Beyond this, while some parents are willing to offer monetary assistance, these loans often come with conditions—such as interest rates.

A recent study by the financial media company MarketBeat.com, surveying over 3,000 parents, shows a growing trend of parents charging their adult children interest on loans.

“The Bank of Mom and Dad has always been generous, but even generosity has its limits,” explains Matt Paulson, founder of MarketBeat.com. “The notable trend is that although the majority of parents don’t demand repayment—certainly not at standard interest rates—inflation and mounting costs are changing familial financial dynamics.”

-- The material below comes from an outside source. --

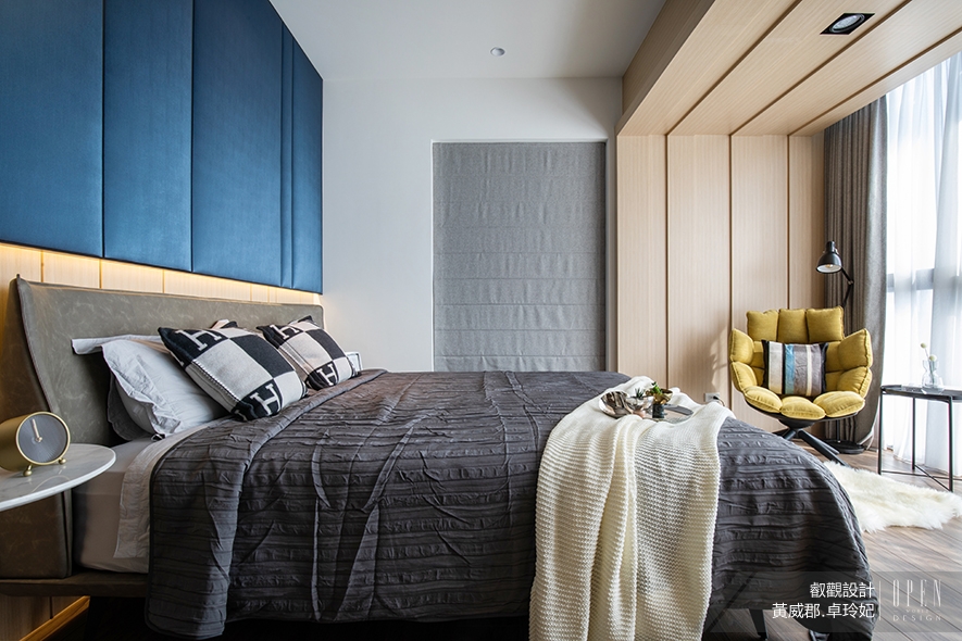 床頭背板的普魯士藍,與臨窗處的暖黃單椅,也為整體氛圍增添活潑色彩。

According to the data, parents typically charge an interest rate of 5.1%, which remains significantly lower than other sources: the average personal loan rate is 12.49% for borrowers with a 700 FICO score, a $5,000 loan, and a three-year term, as reported by Bankrate.

Only 15% of parents would be comfortable with lending their kids $5,000 or more at one time, according to MarketBeat’s research.

Family loan repayment terms can also vary significantly by location. The top five toughest state lenders based on the interest rates parents charge were Nebraska (6.8%), Oregon (6.8%), Mississippi (6.5%), Georgia (6.4%) and Arkansas (6.3%), the report found.

Parents in Delaware and Maine tended to be the most lenient when it came to charging their children interest on loans, with 2% and 4% rates, respectively, according to the findings.

Many parents who expect repayment also have a fast-tracked timeline in mind. Twenty-one percent anticipated seeing their loan repaid in one month, 15% within one year and just 8% more than a year later, per the survey.

Although 59% of parents reported being happy to help their kids with money, 27% said they would only do it if necessary, and 4% admitted to feeling resentful.

In many cases, family loans don’t just provide financial support — they’re also “emotional transactions that test trust, responsibility and family dynamics,” Paulson notes.

As young Americans struggle with high costs of living and salaries that haven’t kept pace with inflation, some of them rely on loans to make ends meet.

Nearly half (46%) of Gen Z between the ages of 18 and 27 depend on financial assistance from their family, according to a 2024 report from Bank of America.

What’s more, even though some parents are willing to help their kids out with cash, those loans don’t always come without strings attached — sometimes in the form of interest.